Why not remove type erasure from the next JVM?
Type erasure is more than just a byte code feature that you can turn on or off.
It affects the way the entire runtime environment works. If you want to be able to query the generic type of every instance of a generic class, it implies that meta information, comparable to a runtime Class
representation, is created for each object instantiation of a generic class.
If you write new ArrayList<String>(); new ArrayList<Number>(); new ArrayList<Object>()
you are not only creating three objects, you are potentially creating three additional meta objects reflecting the types, ArrayList<String>
, ArrayList<Number>
, and ArrayList<Object>
, if they didn’t exist before.
Consider that there are thousand of different List
signatures in use in a typical application, most of them never used in a place where the availability of such Reflection is required (due to the absence of this feature, we could conclude that currently, all of them work without such a Reflection).
This, of course, multiplies, thousand different generic list types imply thousand different generic iterator types, thousand spliterator and Stream incarnations, not even counting the internal classes of the implementation.

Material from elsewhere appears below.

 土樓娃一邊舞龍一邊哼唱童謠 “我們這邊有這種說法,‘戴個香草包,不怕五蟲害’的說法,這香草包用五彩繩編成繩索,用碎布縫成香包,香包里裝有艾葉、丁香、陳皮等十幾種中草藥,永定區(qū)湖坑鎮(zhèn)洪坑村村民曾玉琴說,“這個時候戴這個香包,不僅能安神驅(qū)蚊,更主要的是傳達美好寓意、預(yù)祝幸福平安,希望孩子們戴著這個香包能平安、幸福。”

And it even affects places without an object allocation which are currently exploting the type erasure under the hood, e.g. Collections.emptyList()
, Function.identity()
or Comparator.naturalOrder()
, etc. return the same instance each time they are invoked. If you insist on having the particalar captured generic type reflectively inspectable, this won’t work anymore. So if you write
List<String> list=Collections.emptyList();
List<Number> list=Collections.emptyList();
you would have to receive two distinct instances, each of them reporting a different on getClass()
or the future equivalent.
It seems, people wishing for this ability have a narrow view on their particular method, where it would be great if they could reflectively find out whether one particular parameter is actually one out of two or three types, but never think about the weight of carrying meta information about potentially hundreds or thousands generic instantiations of thousands of generic classes.

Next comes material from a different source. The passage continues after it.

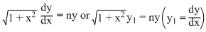 Squaring, (1 + x2)y21 = n2y2Differentiating, (1 + x2)2y1y2 + y12. 2x = n2 . 2yy1 (Here, y2 =

This is the place where we have to ask what we gain in return: the ability to support a questionable coding style (this is what altering the code’s behavior due to information found via Reflection is all about).
The answer so far only addressed the easy aspect of removing type erasure, the desire the introspect the type of an actual instance. An actual instance has a concrete type, which could be reported. As mentioned in this comment from the user the8472, the demand for removal of type erasure often also implies the wish for being able to cast to (T)
or create an array via new T[]
or access the type of a type variable via T.class
.
This would raise the true nightmare. A type variable is a different beast than the actual type of a concrete instance. A type variable could resolve to a, e.g. ? extends Comparator<? super Number>
to name one (rather simple) example. Providing the necessary meta information would imply that not only object allocation becomes much more expensive, every single method invocation could impose these additional cost, to an even bigger extend as we are now not only talking about the combination of generic classes with actual classes, but also every possible wildcarded combination, even of nested generic types.
Keep in mind that the actual type of a type parameter could also refer to other type parameters, turning the type checking into a very complex process, which you not only have to repeat for every type cast, if you allow to create an array out of it, every storage operation has to repeat it.
Besides the heavy performance issue, the complexity raises another problem. If you look at the bug tracking list of javac
or related questions of Stackoverflow, you may notice that the process is not only complex, but also error prone. Currently, every minor version of javac
contains changes and fixes regarding generic type signature matching, affecting what will be accepted or rejected. I’m quite sure, you don’t want intrinsic JVM operations like type casts, variable assignments or array stores to become victim of this complexity, having a different idea of what is legal or not in every version or suddenly rejecting what javac
accepted at compile-time due to mismatching rules.
Your understanding of backwards compatibility is wrong.
The desired goal is for new JVM's to be able to run old library code correctly and unchanged even with new code. This allows users to upgrade their Java versions reliably even to much newer versions than the code was written for.
To some extent erasure will be removed in the future with project valhalla to enable specialized implementations for value types.
Or to put it more accurately, type erasure really means the absence of type specialization for generics, and valhalla will introduce specialization over primitives.
Specifically I'm asking if there are any technical reasons why type erasure couldn't be removed in the next version of the JVM
Performance. You don't have to generate specialized code for all combinations of generic types, instances or generated classes don't have to carry type tags, polymorphic inline caches and runtime type checks (compiler-generated instanceof
checks) stay simple and we still get most of the type-safety through compile-time checks.
Of course there are also plenty of downsides, but the tradeoff has already been made, and the question what would motivate the JVM devs to change that tradeoff.
And it might also be a compatibility thing, there could be code that performs unchecked casts to abuse generic collections by relying on type erasure that would break if the type constraints were enforced.